I believe that it was a combination of factors at play here.  The housing (607V2 in the parts diagram in my first post) was sitting too low which I believe was causing the lead screw to bind.  I think this could still do with some adjustment as it doesn't appear to be able to move up enough.  Alternatively a spacer under the lead screw nut may have a similar effect.

In addition to the above I also loosened off the gib a touch and now the handwheel turns freely and smoothly (possibly a little too freely - I keep overshooting the mark on the DRO!).  Still not sure what the rubbing noise is that I'm getting - I think I will save that investigation for another day but for now the lathe is a pleasure to use again!  It was becoming a real pain - especially when i am parting because it reduced the feel through the handwheel so I was less able to guage the pressure on the cutting tip (1mm carbide cutting tips break very easily if you're not careful!).  

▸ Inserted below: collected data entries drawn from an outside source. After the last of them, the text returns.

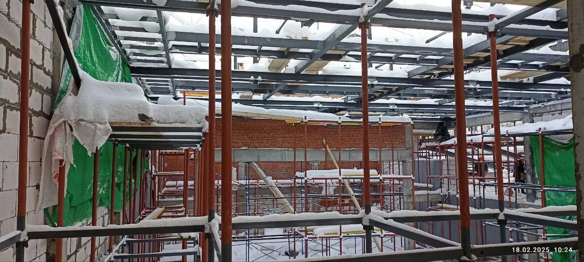 Продолжаются работы по устройству кровли и внутренних перегородок, а также утеплению фасада. В ближайшее время должен начаться монтаж фасадной системы.
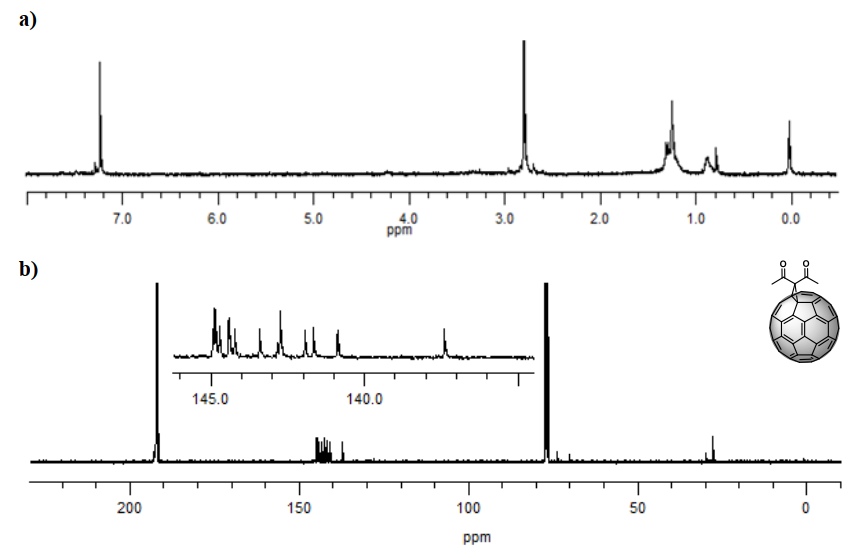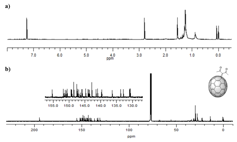 The identity of product (3) was confirmed with the information provided by the nuclear magnetic resonance spectrum. 1H spectrum (Figure 4 a) showed a singlet at 2.84 ppm generated by the methyl protons of the carbon directly bonded to the carbonyl. The 13C spectrum (Figure 4 b) also showed the expected signals. Cycloaddition of a symmetric fragment along the 6,6 bond results in a 13C-NMR spectrum of such a cycloadduct containing 17 peaks of fullerene carbon atoms. Among these, it was possible to observe that σ 70–90 ppm is typical for sp3 hybridized atoms, and the other 16 localized between 137 and 160 ppm are characteristic of the sp2 fullerene carbon atoms.
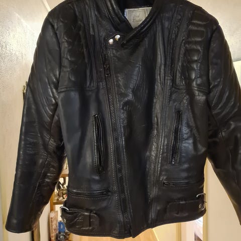 Pent brukt, tøff jakke fra Poco Loco, lite tegn til slitasje i foret heller ikke i skinnet. Alle glidelåser virker som de skal.
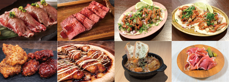 - MEAT【ステーキ&グリル マーベリックス】:自家製オニオンソースのリブステーキ、ワイルド!ガリバタ牛ステーキ/【韓国焼肉4시〜sisi〜】:ネギ盛り牛タン、青唐辛子味噌牛タン/【玉川精肉店】:塩とわさびで食べる国産牛レアカツ、肉屋のゴロゴロメンチカツ/【Mrs.hamburger】:武州和牛使用!特製グルメバーガー(チェダーチーズ/てりやき/タルタル)/【川越薪火料理 in the park】:国産牛もも肉の薪火スモークグリル、薪焼き牛のラグーパスタ/【ハラミ専門酒場ハラミちゃん】:牛ハラミちゃんステーキ(生黒胡椒&岩塩/赤ワインソース)、牛ハラミのすじ煮込み/【T&G Kitchen】:旨辛フライドチキン(ヤムニョム/ハニーマスタード)、特製チキンピザ(ヤムニョム/照り焼きマヨ)/【肉割烹 喰心】:特選黒毛和牛 極上赤身ステーキ、和牛ホルモン 味噌焼き/【CIELO'S MEXICAN】:ビーフタコス、チキンタコス/【神田 タンだけ】:熟成厚切り牛タン 特製塩だれ、柔らか牛タンゴロゴロカレー煮込み/【石垣島きたうち牧場】:厳選国産牛 でか肩ロース鉄板焼き、厳選国産牛 切り落とし焼肉/【WORLD DINER】:黒毛和牛炙り肉寿司、北海道産牛のローストビーフ/【BISTRO THE MEAT】:三元豚のベーコンステーキ、スペイン産ハモンセラーノ/【ライスSTAND】:ガーリックライス、コムタンスープ、ライス
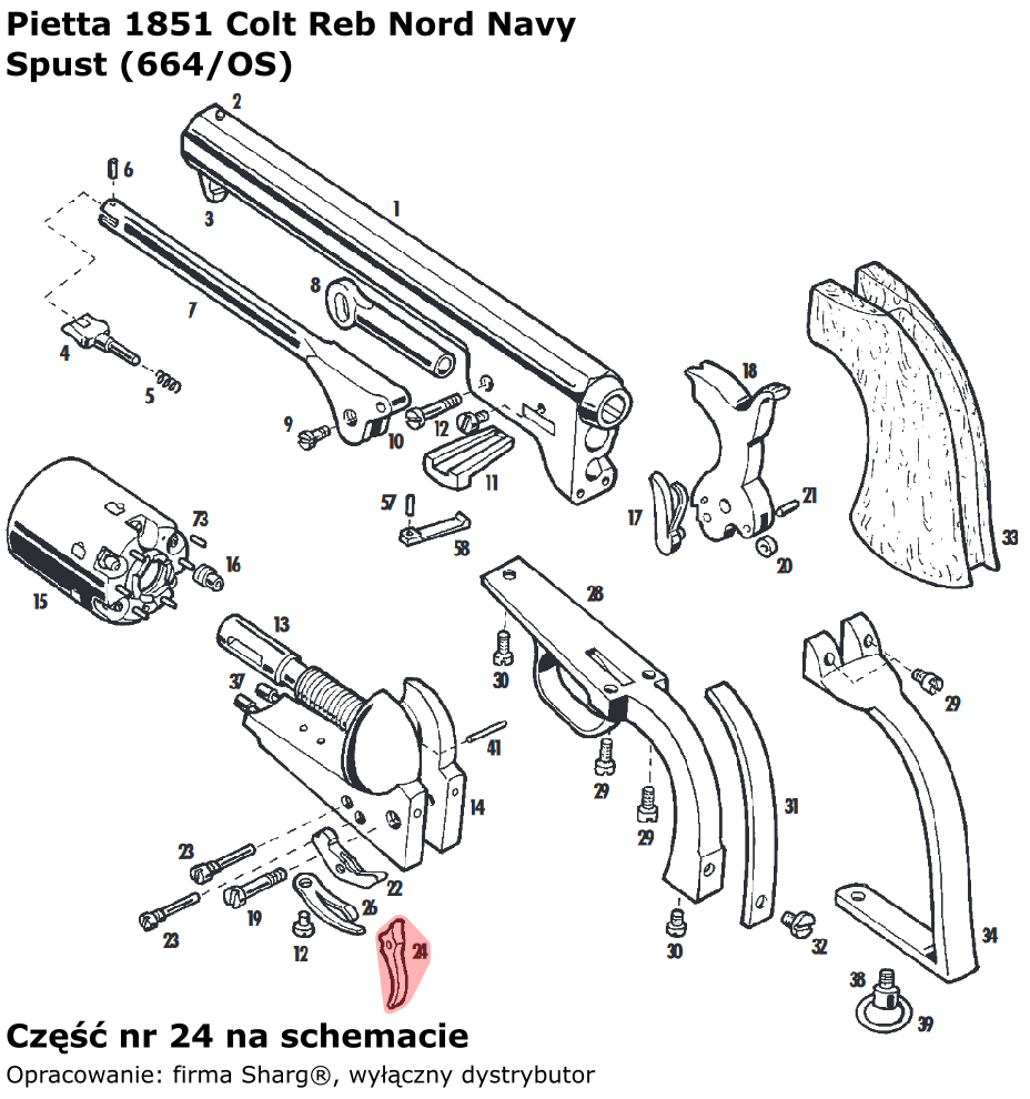 - 664/OS (serwis) spust wykonany ze stali i wykończony metodą OS (Old Silver). Przeznaczony do rewolwerów czarnoprochowych 1851 Colt Navy włoskiej firmy Pietta...
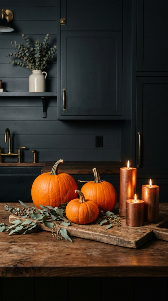 Styling Tips: In dark kitchens, use more candles than you think you need — the warm light against the dark surfaces is the entire magic of this look. Choose the most saturated, vivid orange pumpkins you can find as the contrast against dark backgrounds is spectacular. Copper and aged brass hardware are the perfect metallic companions.
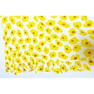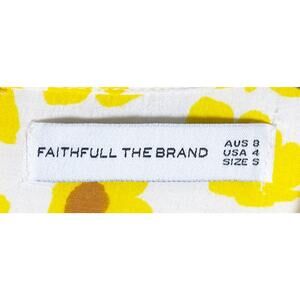 Faithfull the Brand Women's Florence Mini Dress Constance Floral Print Marigold Round Crew Neck Puff Sleeves Ruffle Trim Zip Up Tie Back
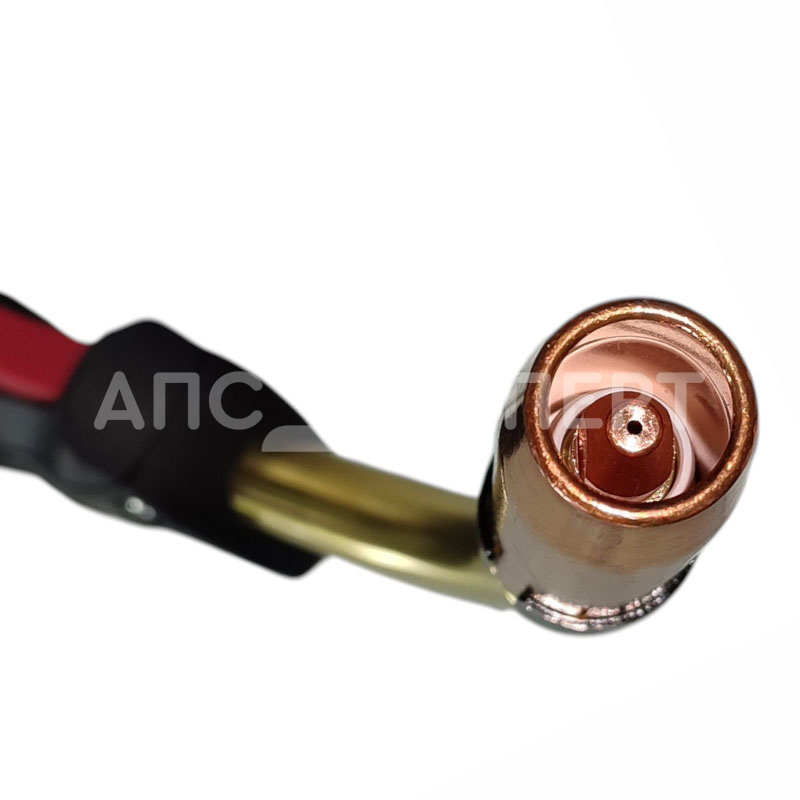 Горелка комплектуется ключевыми компонентами: держателем наконечника, коническим соплом (Ø16 мм), газовым диффузором и направляющим каналом (жёлтый, для проволоки 1,2–1,6 мм). Длина кабеля варьируется (3–5 м), что позволяет выбрать оптимальный вариант для разных задач.

Once again thank you to everyone above for your suggestions - If it wasn't for the words of wisdom I'd probably be posting a thread in the shop blunders section on how not to machine the housing!

Sam


----------



## petertha (Jun 14, 2018)

Hopefully you solved it. I'm late to your post but another thing that I noticed on my 14x40 is the cross slide 'lock' (if you want to call it that) is basically a set screw that imparts force on the gib strip. When I installed my DRO it gave me valuable insight that the simple act of tightening was capable of moving the cross slide position just a tad via the torqueing action of the set screw. Not good. I fixed this my making a brass intermediary shoe that had the dovetail angle flat on the gib side & a half cup on the other side which was now driven my a new set screw with a bearing ball end. Now the screw pivots effortlessly in the brass part & the 'lock' occurs by pure perpendicular clamping force on the gib strip. 

Anyways, blah-blah, that solved my issue. But what I noticed prior to the mod is I had these little arc shaped bite holes in the gib where the screw was basically chewing into it & a raised burr. I knew it was raised because when I stoned the surface smooth I could see small hints of shiny metal. Because of the close spacing in the dovetail, it doesn't take much for some scuffing to go on.


----------



## SamI (Sep 5, 2018)

Sorry to bring up an old thread but while troubleshooting a problem I've been having with my DRO on the machine I think I have finally sussed the problem and thought I should feed back and again say thank you to all those who have offered help.

So it turns out that the dust seals underneath my DRO were damaged.  What was happening was that as the reader moved along the scale it would intermittently snag on the damaged areas of the seal.  I have the scale off of the machine at the moment while I try and source a spare seal but that's proving to be another issue all together!


----------